If the material is to be delivered effectively, organizations need to understand the human side of cyber security training. In this chapter, the authors draw upon over a decade of experience in creating and adapting training and resources with the help of industry professionals and feedback from clients, which has led to a successful and highly acclaimed approach to cybersecurity education. The resulting discussion considers how to adopt the right approach to cybersecurity training for organizations, with training modules that cater to end users, and which are designed to ensure maximum retention of information by presenting short, humorous, animated scenarios that are relatable for the target audience.
TopIntroduction
For organizations looking to meet compliance requirements or develop a security conscious workforce, this chapter can be used to provide insight into the different approaches to educating the workforce and the different tools and techniques to help develop an established awareness campaign. Understanding and assessing the needs of an organization is essential for the ongoing engagement of learners’ interest in cybersecurity. While awareness campaigns are now becoming more commonplace in organizations many see the information as guidance rather than rules, some may even see it as a tick box exercise and cumbersome to integrate into staffs’ roles, also possibly perceived as negatively affecting the performance in their tasks and activities.
As well as communicating the fundamental teachings of cybersecurity it is also necessary to understand how learners take in information. This chapter presents hints and tips on how to differentiate, plan and manage training sessions, courses and modules to best fit the organization’s needs and those of its learners. This tactic allows more informed decisions about how to approach cybersecurity training and the benefits and problems with each tactic. Organizations can utilize combinations of different tactics to teach learners how to be safe and secure when engaging with the digital environment.
It is vital to provide factual and critical information when educating the workforce in the correct attitudes and behaviors to conduct within the organization. Cybersecurity training will also provide skills to navigate themselves more securely online with broader society. Adequate training is more than just providing the facts, and how to apply them, the most effective training changes how learners change their attitudes and behaviors in the long-term, it changes how the individuals engage with others online, their self-awareness and their ongoing interest in the education of cybersecurity. Cybersecurity awareness should not stop once a learner leaves an educational environment. Great training inspires and encourages learners to develop an inquisitive mind, not just for organization security but their personal security and those around them.

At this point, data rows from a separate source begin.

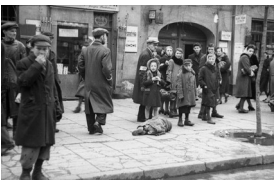
Dans le ghetto de Varsovie, en 1942, von Bundesarchiv, Bild 101I-134-0771A-39 / Zermin / CC-BY-SA 3.0,
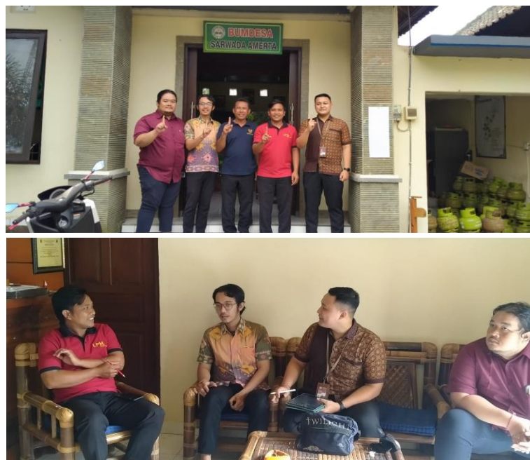
Figure 3. Kunjungan dan Diskusi Analisa Situasi Mitra dan Kebutuhan Sistem
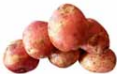
Papa chola grande
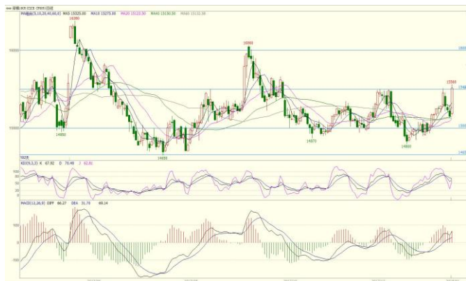
图 2. CF1801 日线图

从美棉指数日 K 线图上看，期价连续两个月反弹，累计涨幅达 20%，本周强势突破 80 美分压力，但 KDJ 指标高位粘合形成顶背离，短线提防高位调整。
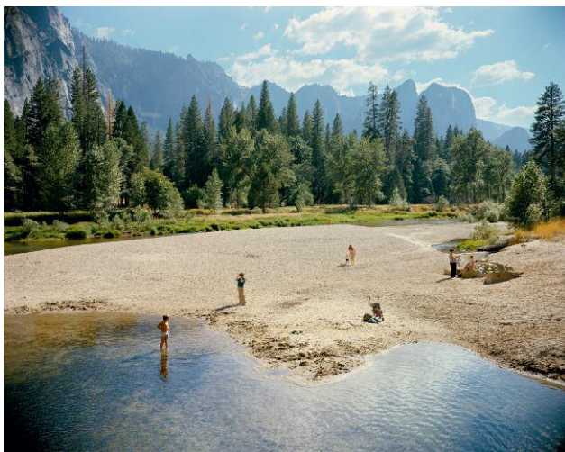
Merced River, Yosemite National Park, California, August 13, 1979
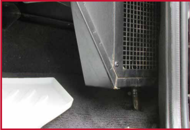
Figure 11 – Unité de CVC haute capacité

• Pour les camions Western Star 4900SA, 4900FA, 4900SB et 4900SF des années-modèles 1998 à 2011, la zone ombrée jaune, comme montré à la Figure 12, devra probablement être découpée à la main le long de la nervure surélevée au moment de l'installation. Faire une vérification de l'ajustement du tapis aux fins de confirmation avant le découpage.
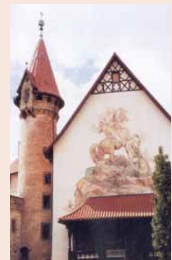
Heutige Ansicht des Wandbildes

Herzog Georg II. und Helene Freifrau von Heldburg, wie sie ihre Zeit auf der Veste Heldburg am liebsten verbrachten: Mit Kunst, Musik und angeregten Gesprächen unter Freunden.
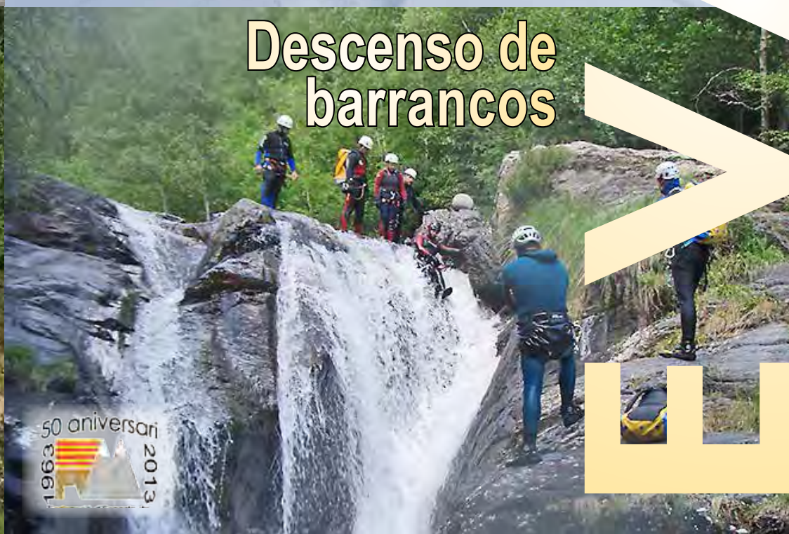
Descenso de barrancos

FEDERACIÓ D'ESPORTS DE MUNTANYA I ESCALADA DE LA COMUNITAT VALENCIANA www.femecv.com
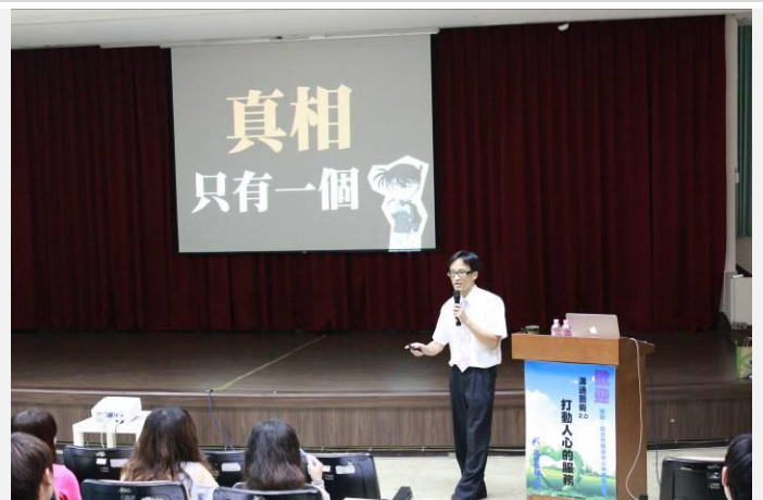
林老師以犀利的方式點出問題的癥結點
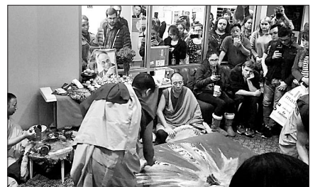
남인도 지역 고망(Gomang)사 출신 티베트 승려들이 미국 드폴(DePaul)대학 링컨파크 캠퍼스에서 만다라를 그리고 있다.

만다라 제작은 인쇄를 요구하고 집착을 버리게 하는 명상과도 같다. 작고 좁은 관을 이용해 색색의 모래알을 뿌리며 일주일 남짓 완성된 만다라는 성 빈센트 드폴 교구의 '반사의 연못'에 뿌려졌다.
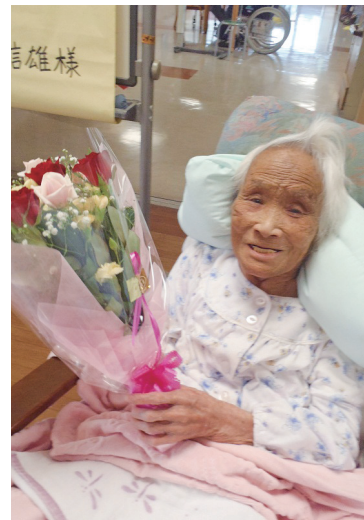
花束をプレゼントされ笑顔を見せる利用者さん

「敬老の日」の翌日の9月18日(火)、リハビリ南東北福島で敬老会が開かれました。
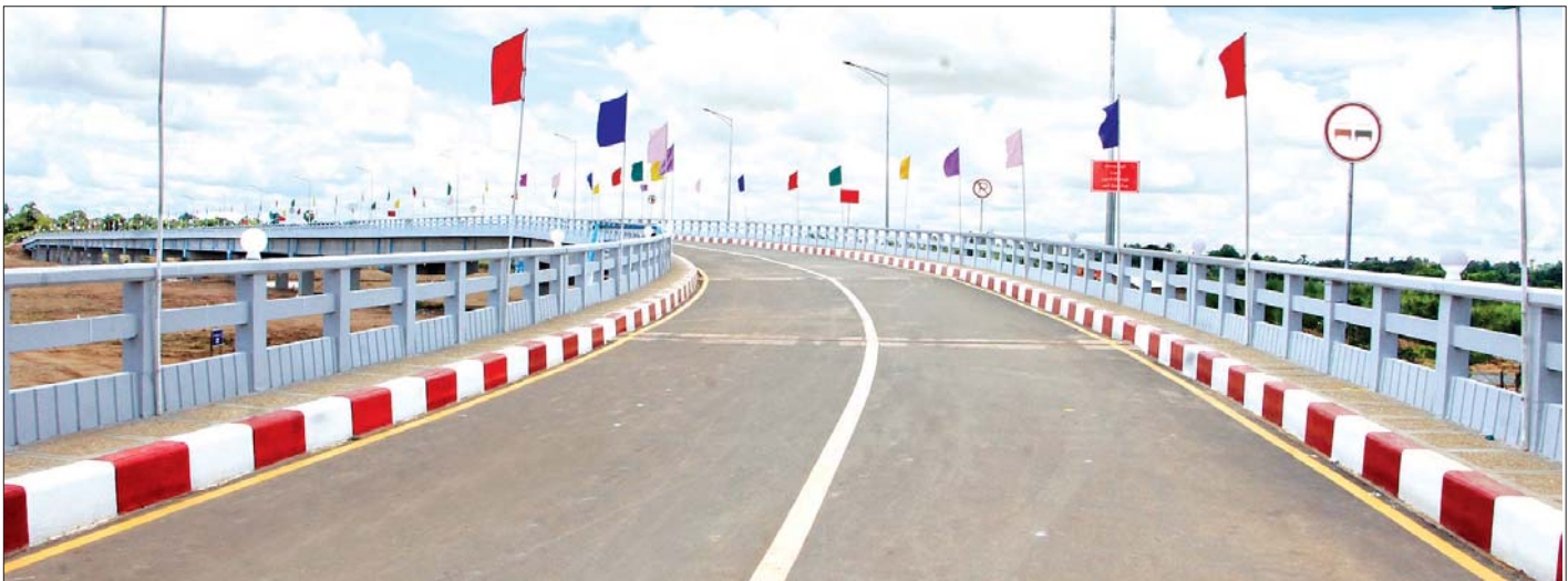
ရွှေကျင်မြို့နယ် တောင်ငူ-ကျောက်ကြီး-ရွှေကျင်-ဝင်းကံ လမ်းပေါ်ရှိ ရွှေကျင်ချောင်းကူးတံတားကို တွေ့ရစဉ်။
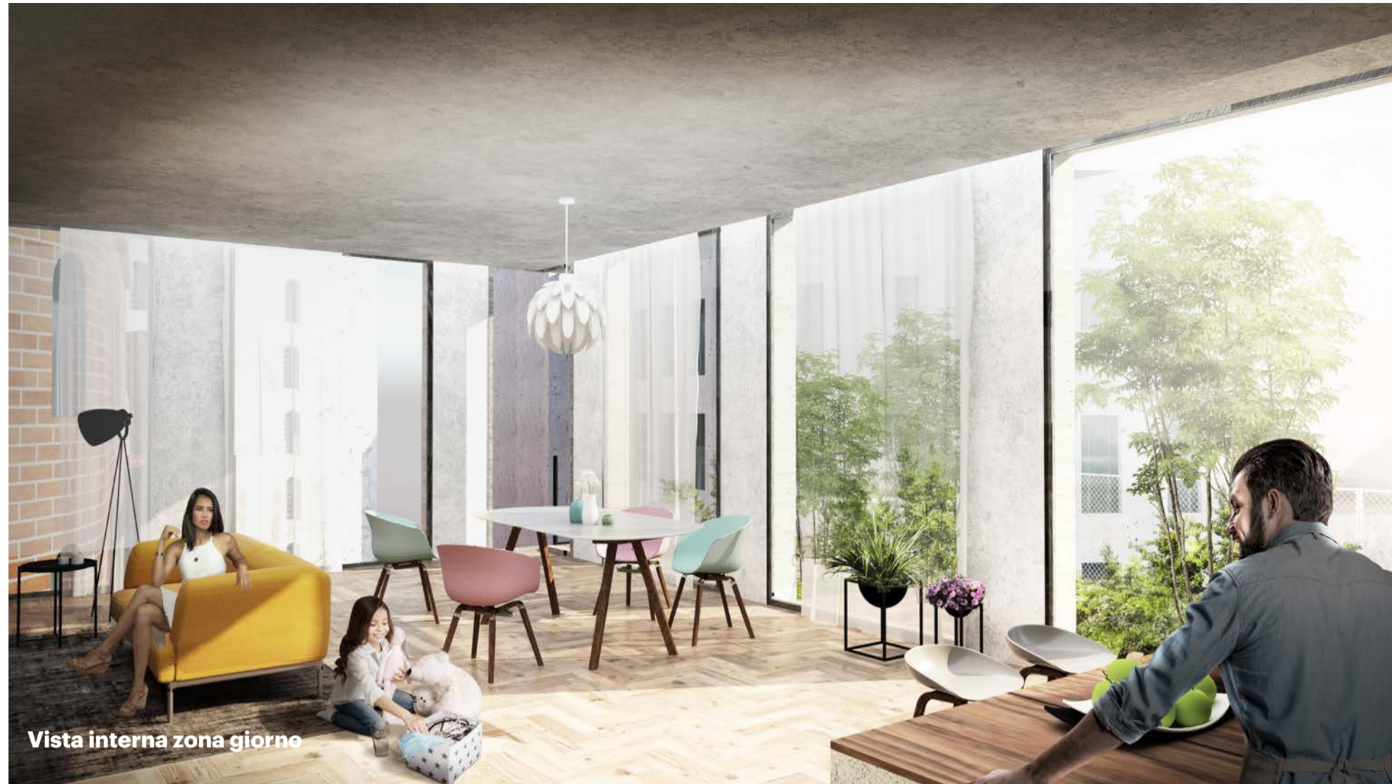
Vista interna zona giorno
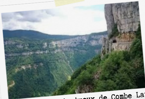
2 Le cirque majestueux de Combe Laval
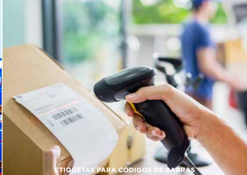
ETIQUETAS PARA CÓDIGOS DE BARRAS
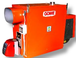
TGS P/C 80
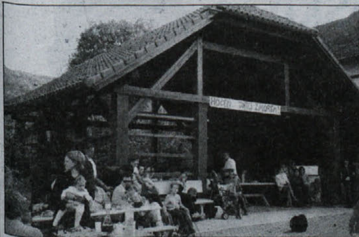
Pod Kerinovim kozolcem so se zbrali otroci in starši na prireditvi "Imamo se radi", ki jo je organiziralo DPM Podbočje.
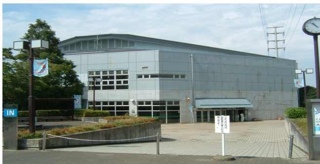
ならし の だい (習志野台7-5-1)
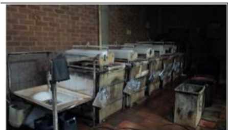
FOTOGRAFÍA 5. BAÑOS ELECTROLITICOS PARA ZINC

All organizations have the opportunity to become cyber secure; this is known as Cybersecurity Culture (CSC) which refers to people’s behavior, knowledge, perceptions, attitudes, assumptions, norms and values interacting with technology and devices. Good CSC should encompass an understanding of the current culture within an organization and the gap before the ideal culture. The European Union Agency for Network and Information Security (ENISA) states that CSC should:
Encompasses familiar topics including cybersecurity awareness and information security frameworks but is broader in both scope and application, being a concern with making information security considerations an integral part of an employee’s job, habits and conduct, embedding them in their day-to-day actions (ENISA, 2018).
This chapter provides practical help and support towards establishing the needs of learners and readers will be asked to consider, reflect and re-evaluate their teachings with feedback from learners. Whether organizations are at the start of the journey of educating their workforce, or part way through, and whether they are handling the training internally or externally, the chapter aims to provide the information required to create an efficient and effective learning plan.
TopWhy Teach Cybersecurity Online?
Learning is sometimes more useful as an isolated activity; many learners enjoy learning flexibly at their own pace, others prefer to learn in a social context. Using the courses provided by Bob’s Business as an example, the aim is to combine the best of both, with online learning being accessible in the office or on the go. Training can be in a group environment, and post-training discussion is encouraged with extra learning re-enforcements and resources.
Although there is a now a recognized, established and growing need for cybersecurity training for organizations there is a fundamental lack of understanding of how to treat and educate workforces. An active CSC will drive changes in policy, procedures and everyday activities; the motives for different organizations to conduct cybersecurity training are different across the board. Cyber threat awareness campaigns are not sufficient to protect organizations and individuals from cyber threats independently. Cybersecurity awareness campaigns should be in tangent with business processes and everyday activities.